There is no question that the debtors obtained money from the plaintiff. Furthermore, the plaintiff advanced these funds on the basis of oral representations. An examination of these statements shows that all representations related to the financial condition of the business, which was a corporation. The business in this case is an "insider". The definition of the term "insider" includes a corporation, if the debtor is an individual and a person in control of the corporation. 11 U.S.C. § 101(25). There is no doubt that the Bedards controlled Family Enterprises, Inc. The corporation, therefore, is a statutory insider. The representations in this case all concerned the financial condition of this insider. As a result, the claim in this case is expressly excluded from § 523(a)(2)(A) and cannot be declared non-dischargeable under this provision.

As previously mentioned, misrepresentation of financial condition is covered by § 523(a)(2)(B). Furthermore, such a misrepresentation of financial condition must be in writing if the underlying claim is to be excepted from discharge.[3] In his brief, counsel for the plaintiff cites several cases in support of his contention that the writing requirement does not apply in this case.[4] This reliance, however, is misplaced. All of these cases were decided under § 17(a)(2) of the now-repealed Bankruptcy Act of 1898.[5] The limited circumstances under which the Bankruptcy Act imposed a writing requirement have been expanded by the new Bankruptcy Code.[6]

Even if the Court, by some judicial magic, could waive the writing requirement, the plaintiff could not prevail. Section 523(a)(2)(B) requires that the creditor must have reasonably relied on the misrepresentation. 11 U.S.C. § 523(a)(2)(B)(iii). In this case, the reliance by the plaintiff is anything but reasonable. The testimony clearly shows that the plaintiff never asked for financial details of the enterprise in which he was investing. Nor did he ever *568 request a written financial statement. Furthermore, the evidence shows the plaintiff to have been represented by counsel who urged him not to enter into this transaction. The doctor failed to heed this prudent advice.

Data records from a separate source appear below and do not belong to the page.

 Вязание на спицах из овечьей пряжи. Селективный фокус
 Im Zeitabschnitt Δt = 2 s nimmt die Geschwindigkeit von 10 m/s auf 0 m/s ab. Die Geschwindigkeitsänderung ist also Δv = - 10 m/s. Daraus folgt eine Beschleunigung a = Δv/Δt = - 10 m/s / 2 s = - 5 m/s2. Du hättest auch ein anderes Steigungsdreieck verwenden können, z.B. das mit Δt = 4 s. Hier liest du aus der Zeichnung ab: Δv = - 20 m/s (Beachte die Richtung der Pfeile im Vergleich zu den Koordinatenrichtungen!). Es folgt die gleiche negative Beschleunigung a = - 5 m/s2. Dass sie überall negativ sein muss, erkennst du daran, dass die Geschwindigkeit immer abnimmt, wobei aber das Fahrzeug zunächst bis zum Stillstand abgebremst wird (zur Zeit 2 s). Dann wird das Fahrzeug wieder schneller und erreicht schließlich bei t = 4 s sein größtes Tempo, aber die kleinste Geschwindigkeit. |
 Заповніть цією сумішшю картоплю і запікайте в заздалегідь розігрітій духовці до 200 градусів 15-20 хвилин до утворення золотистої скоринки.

The Court understands the plaintiff's frustration. He has lost a large sum of money. However, there were means of protecting himself which he chose to ignore. Summary judgment was originally denied by the Court in order to grant the plaintiff a full and complete opportunity to present his case. The plaintiff, however, is unable to prove that this debt should be excluded from discharge.

An appropriate Order will be entered.

NOTES

[1] This Opinion constitutes the findings of fact and conclusions of law required by Rule 752 of the Rules of Bankruptcy Procedure.

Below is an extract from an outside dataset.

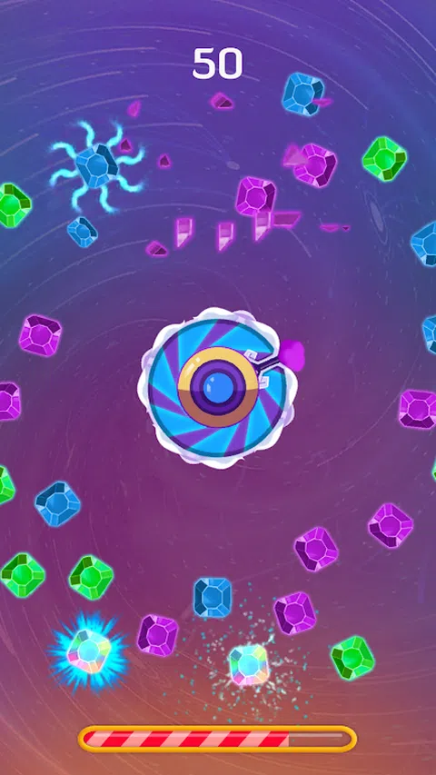 喷洒水滴并粉碎晶体。不要让晶体填满您的屏幕。水滴将沿转盘的切线方向飞行,并尝试获得最高分

[2] Subsection (B) provides that a debtor will not be discharged from any debt:

(2) for obtaining money, property, services, or an extension, renewal, or refinance of credit, by—

(B) use of a statement in writing—

. . . . .

(ii) respecting the debtor's or an insider's financial condition; . . .

[3] See note 2, supra.

[4] In re Ketter, 1 B.R. 510 (D.C.E.D.Wis.1979); In the Matter of Matera, 592 F.2d 378 (7th Cir. 1979).

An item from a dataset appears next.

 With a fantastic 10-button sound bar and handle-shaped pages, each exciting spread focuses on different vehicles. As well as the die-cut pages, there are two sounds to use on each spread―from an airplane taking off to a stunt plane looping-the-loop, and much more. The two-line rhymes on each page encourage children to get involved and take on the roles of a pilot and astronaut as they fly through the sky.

[5] Act of July 1, 1898, ch. 541, 30 Stat. 544 (1898) (repealed by Act of Nov. 6, 1978, Pub. L.No. 95-598, 92 Stat. 2549 (1978)).

[6] Under the Act, the writing requirement only applied to ". . . obtaining money or property on credit or obtaining an extension or renewal of credit. . . .". § 17(a)(2). These restrictions have been removed by the Code. 11 U.S.C. § 523(a)(2)(B).